The correctness bar is high: smooths are checked against analytic oracles
and finite-difference jets, and CI is strict. But that bar is on the
merged result, and keeping it there is the maintainer's job — not a toll
you pay to take part. So the bar to *contribute* is zero:
- **Broken PRs are welcome.** Fails CI, half-finished, you're not sure
it's right — open it anyway. A broken PR with a good idea in it beats a
good idea that never got sent.
- **Beginners welcome.** You don't need REML, Rust, or PyO3 to help. A
confusing error message, a typo, a docs gap, or "why does it do this?"
is a real contribution.
- **AI is allowed.** Wrote it with Claude, Copilot, or an agent? Fine —
mention it or don't.
- **Any feature request, however far-fetched.** "Can it do X?" is useful
even when the answer is no — it shows how people want to use this.
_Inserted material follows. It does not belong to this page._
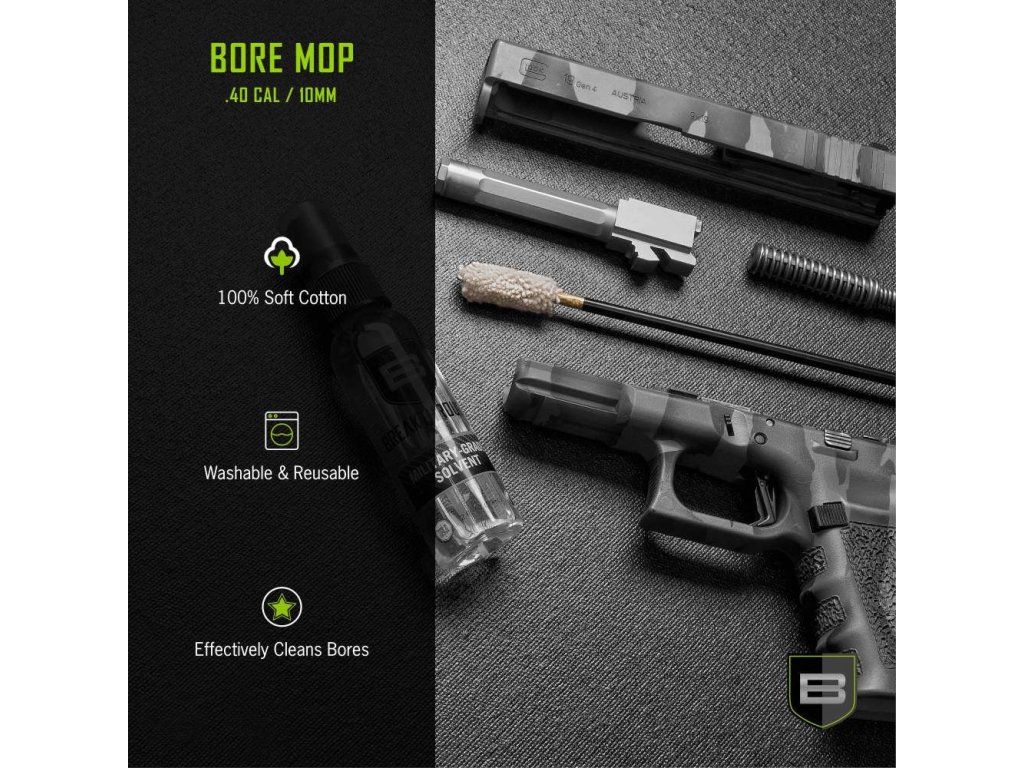 Čistiace tampóny Breakthrough Clean Technologies® kalibru .40 / 10 mm Bore Mop zo 100 % bavlny sú mäkké, umývateľné a účinné pri čistení hlavne. Štandardný závit č. 8-32 (štandardný brokový závit č. 5/16-27 na 20 g/12 g). Dostupné pre väčšinu kalibrov a puškových nábojov.

- **No template, no checklist, no CLA, no guidelines.** Have fun.
The point is engagement. Ideas, bug reports, "here's how I'm using
this," a PR that's mostly wrong but sparks the right fix — all of it
helps. The only real failure is a good thought that never gets sent
because the friction felt too high.
Open a [pull request](https://github.com/SauersML/gam/pulls) or an
[issue](https://github.com/SauersML/gam/issues) — bugs, features,
questions, wild ideas. That's the whole process.
Note, this README was written mostly by Claude, with some feedback from the human.
## License
AGPL-3.0-or-later. See [LICENSE](LICENSE).